Single amino acid substitutions in procollagen VII affect early stages of assembly of anchoring fibrils

Procollagen VII is a homotrimer of 350-kDa pro-alpha1(VII) chains, each consisting of a central collagenous domain flanked by the noncollagenous N-terminal NC1 domain and the C-terminal NC2 domain. After secretion from cells, procollagen VII molecules form anti-parallel dimers with a C-terminal 60-nm overlap. Characteristic alignment of procollagen VII monomers forming a dimer depends on site-specific binding between the NC2 domain and the triple-helical region adjacent to Cys-2634 of the interacting procollagen VII molecules. Formation of the intermolecular disulfide bonds between Cys-2634 and either Cys-2802 or Cys-2804 is promoted by the cleavage of the NC2 domain by procollagen C-proteinase. By employing recombinant procollagen VII variants harboring G2575R, R2622Q, or G2623C substitutions previously disclosed in patients with dystrophic epidermolysis bullosa, we studied how these amino acid substitutions affect intermolecular interactions. Binding assays utilizing an optical biosensor demonstrated that the G2575R substitution increased affinity between mutant molecules. In contrast, homotypic binding between the R2622Q or G2623C molecules was not detected. In addition, kinetics of heterotypic binding of all analyzed mutants to wild type collagen VII were different from those for binding between wild type molecules. Moreover, solid-state binding assays demonstrated that R2622Q and G2623C substitutions prevent formation of stable assemblies of procollagen C-proteinase-processed mutants. These results indicate that single amino acid substitutions in procollagen VII alter its self-assembly and provide a basis for understanding the pathomechanisms leading from mutations in the COL7A1 gene to fragility of the dermal-epidermal junction seen in patients with dystrophic forms of epidermolysis bullosa.     

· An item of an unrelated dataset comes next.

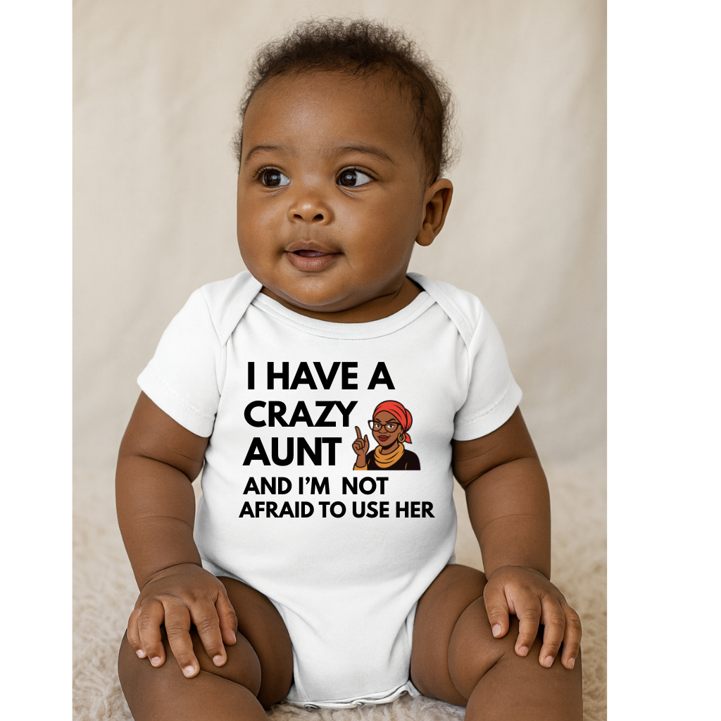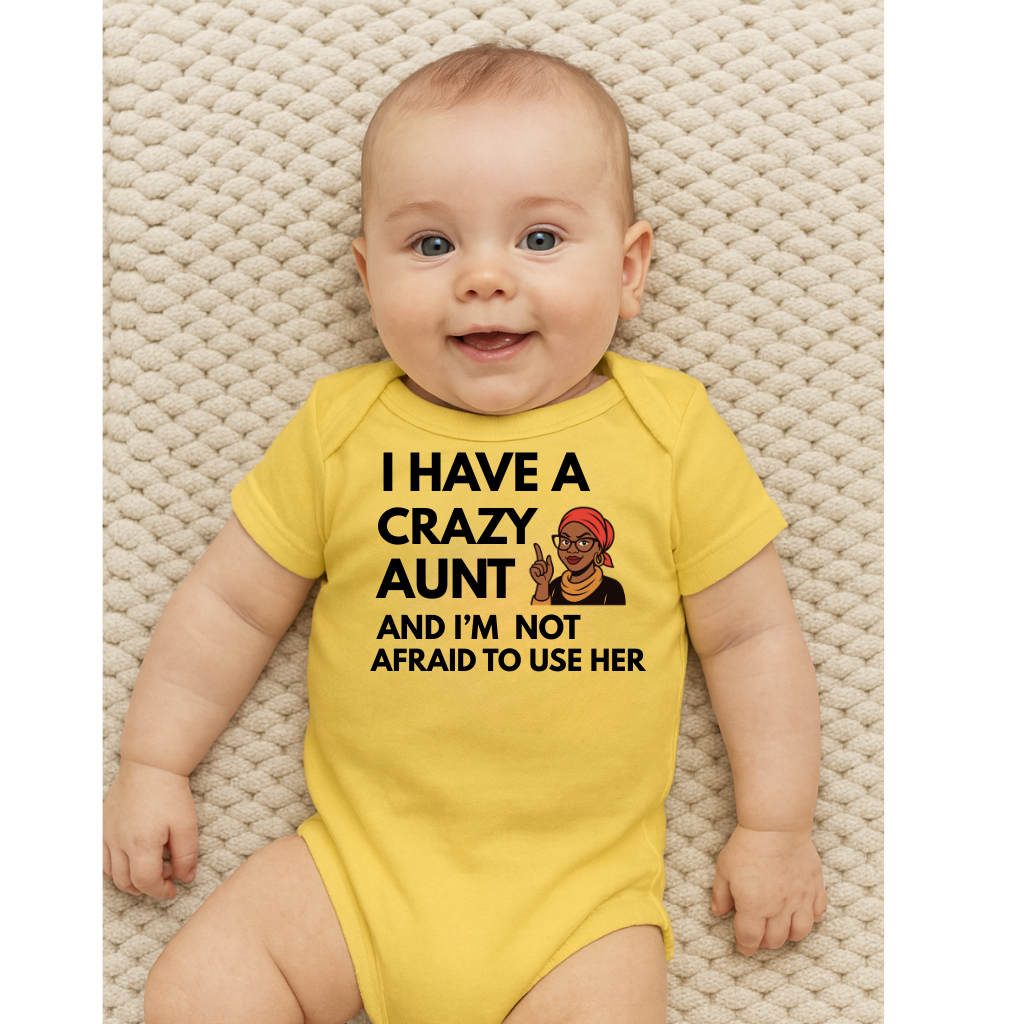 Let your little one make a statement with this “I Have a Crazy Aunt and I’m Not Afraid to Use Her” baby bodysuit! Perfect for babies with strong personalities and even stronger aunts, this fun and playful design is guaranteed to get laughs and compliments.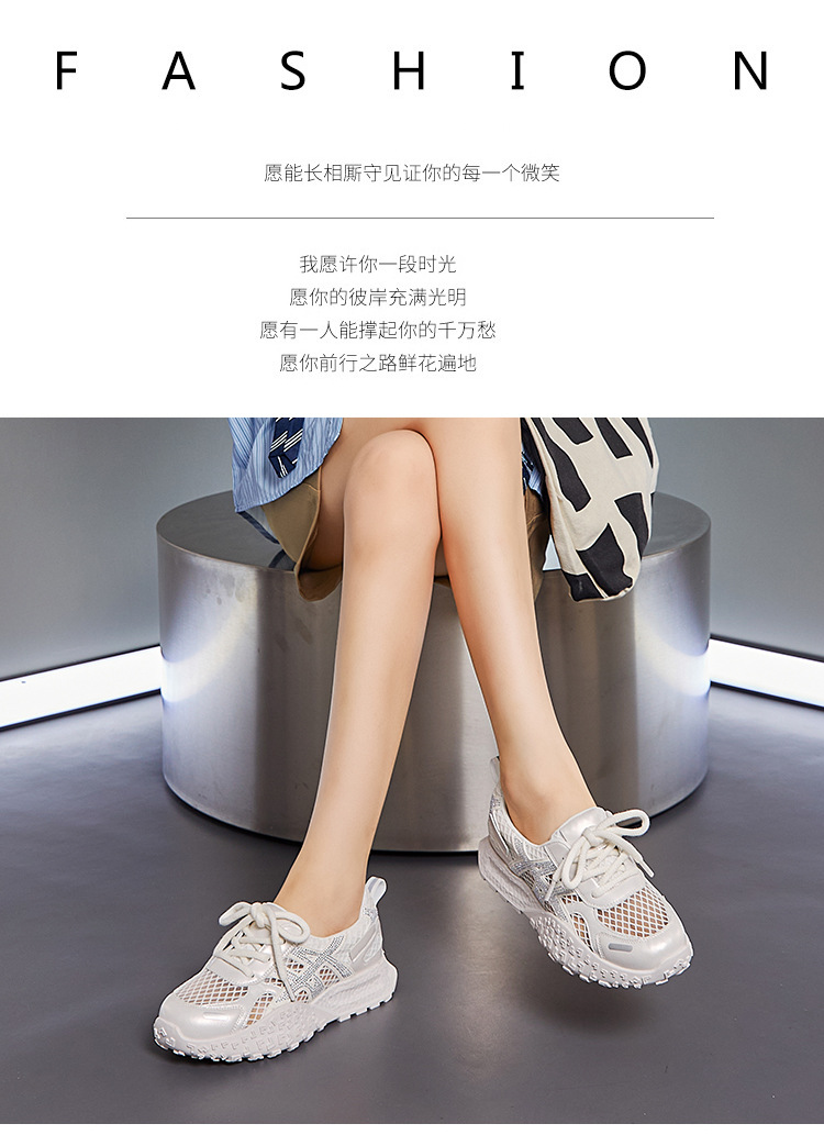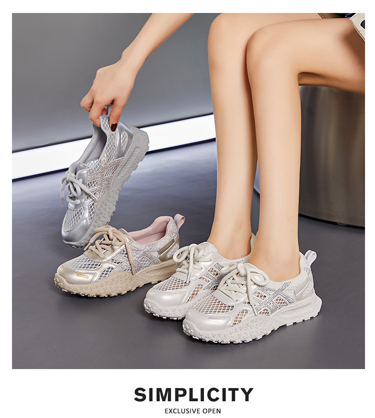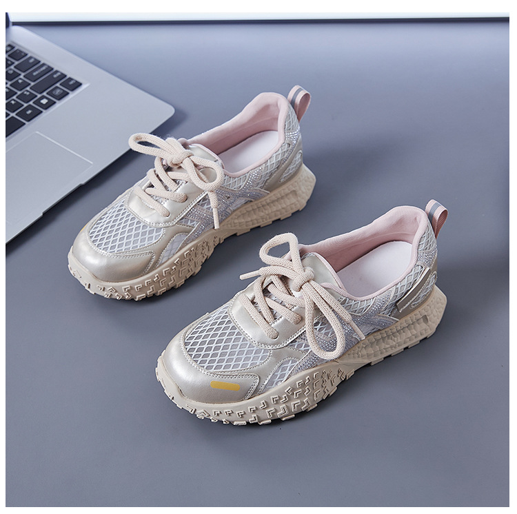 여름 여성을 위한 맞춤형 메쉬 통기성 아빠 신발, 새로운 두꺼운 밑창, 높이 증가 포레스트 검프 신발, 라인스톤 여성 신발, 여성용 다용도 신발스토어 가기

Single amino acid substitutions in the C-terminus of collagen II alter its affinity for collagen IX

The structural integrity of cartilage depends on the presence of extracellular matrices (ECM) formed by heterotypic fibrils composed of collagen II, collagen IX, and collagen XI. The formation of these fibrils depends on the site-specific binding between relatively small regions of interacting collagen molecules. Single amino acid substitutions in collagen II change the physicochemical and structural characteristics of those sites, thereby leading to an alteration of intermolecular collagen II/collagen IX interaction. Employing a biosensor to study interactions between R75C, R789C or G853E collagen II mutants and collagen IX, we demonstrated significant changes in the binding affinities. Moreover, analyses of computer models representing mutation sites defined exact changes in physicochemical characteristics of collagen II mutants. Our study shows that changes in collagen II/collagen IX affinity could represent one of the steps in a cascade of changes occurring in the ECM of cartilage as a result of single amino acid substitutions in collagen II.